## Data Wrangling Report

## Table of Contents
- [Gathering](#Gathering)
- [Assessing](#Assessing)
- [Cleaning](#Cleaning)

<a id='Gathering'></a>
## Gathering
Firstly, we started by gathering the twitter data from different sources, we already had `twitter_archive_enhanced.csv` on hands so we imported it directly using pandas's methods with dataframe name `twt_df`. We want image predictions for the images in the tweets and the data for that are available in this [site](https://d17h27t6h515a5.cloudfront.net/topher/2017/August/599fd2ad_image-predictions/image-predictions.tsv) , so we used requests library to extract the data from the site and we saved it with name `image_predictions.tcv`, then we imported it using pandas's methods with dataframe name `img_prds`. The last data we needed was the favorites and retweets counts of each tweet, and that was available by using twitter API to extract it with JSON format, so we opened `tweet-json.txt` that has the extracted data, and went through it line by line to add it `twt_data` dataframe.

<a id='Assessing'></a>
## Assessing
Secondly, we wanted to do a visual and programmatic assessment to find any quality and tidiness issues. we started by doing visual assessment and we opened each dataframe individually, for the quality we noticed that in `twt_df` many rows had None instead of NaN, the source of each tweet is in a URL format, and some tweets were not dog ratings. For the programmatic assessment we mostly used pandas's methods to find issues that can't be found visually, and the following was the `twt_df` issues we found :
- Tweet id had wrong datatype(Integer).
- Time of the tweet and retweets had wrong datatypes(String).
- All the status and user id's had wrong datatypes(float).
- Some entries had a rating denominator other than 10.
- Some dogs' names were `a`, `the` and `an` and many more wrong names.
- Some retweets are not from @dog_rates.
- Some dogs had more than just one dog type.
- Some entries had wrong ratings, for example, 75 instead of 9.75.

`img_prds` issue:
- Tweet id had wrong datatype(Integer).
- Some tweets didn't have a dog image.

`twt_data` issue:
- All numeric values have String datatype.

for tidiness, we wanted to merge `twt_df` and `twt_data` into one dataframe, delete any rows in `twt_df` and `twt_data` that didn't - have an image prediction in `img_prds`, there were 4 columns for dog type instead of one and we wanted to make sure that all the dataframes has the same tweets.


<a id='Cleaning'></a>

## Cleaning

Lastly, for cleaning, we fixed all the issues in the assessing phase , and the fixes were as followed:
#### Quality : 
##### `twt_df` :
- Changed every None to NaN
- Changed the source from a URL to the source name (ex.
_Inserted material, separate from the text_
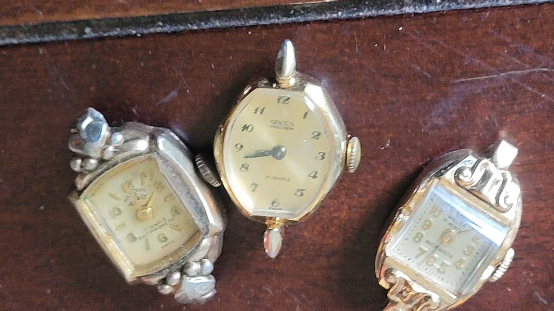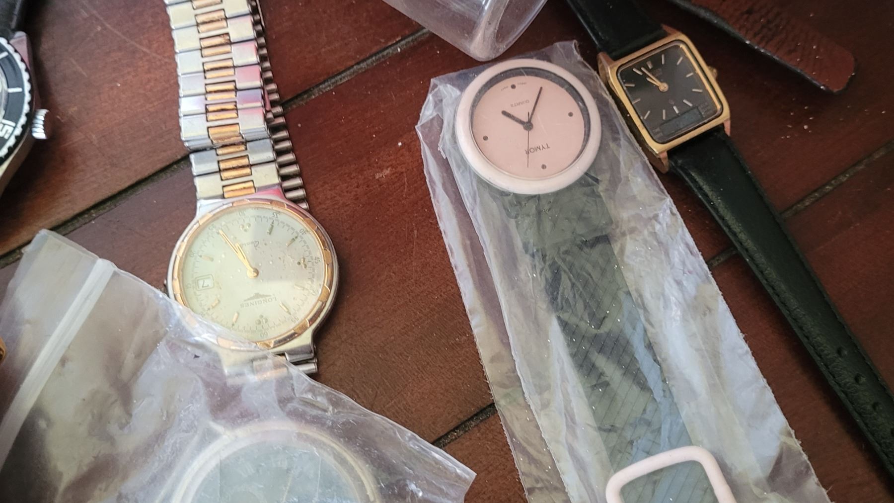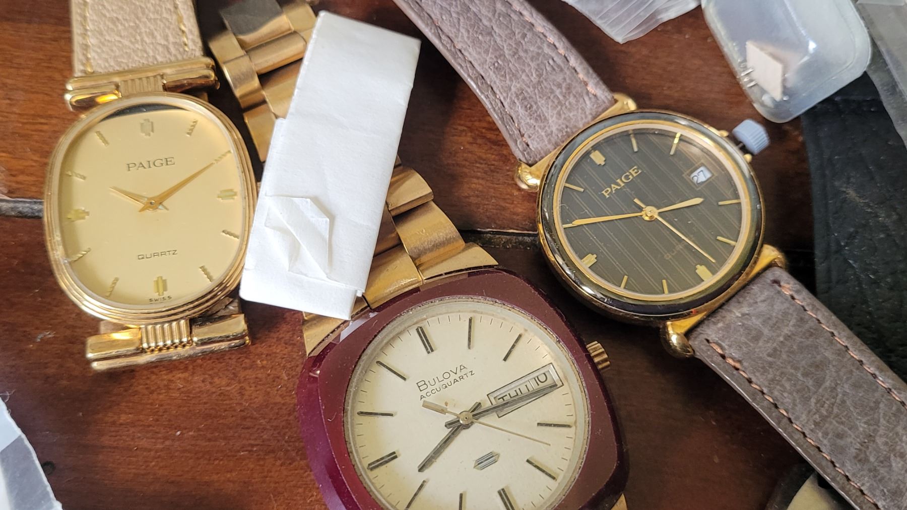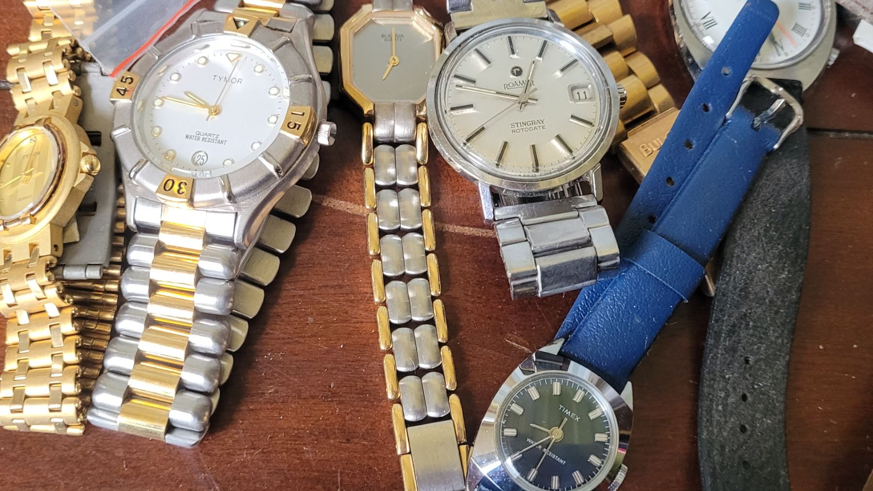 Assortment of wrist watches, and domed clocks sent in for repair, all untested. Pickup at 10 am

IPhone)
- Deleted Tweets that were not a dog rate.
- Tweet id datatype changed from `Integer` to `String`
- All time columns datatypes changed from `String` to `datatime`.
- All status and user id's columns changed from `float` to `String`.
- Deleted any tweet with a rating denominator other than 10.
- Deleted any tweet that has `a` , `the` and `an` ... in the name column.
- Deleted any retweets.
- Deleted any row that has many dog types.
- Changed ( 75 , 26, 27 ) in the rating nominator to ( 10 , 11 , 11).

##### `img_prds` :
- Tweet id datatype changed from `Integer` to `String`
- Deleted any tweet that didn't predict a dog image.

##### `twt_data` :
- Changed all numeric value columns datatypes from `String` to `Integer`.

#### Tidiness : 
- Merged `twt_df` and `twt_data` into one dataframe.
- Deleted any tweet in `twt_df` and `twt_data` that didn't have an image prediction in `img_prds`.
- Merged dog types columns into one column with name `dog_type`.
- Made all the dataframes have the same tweets.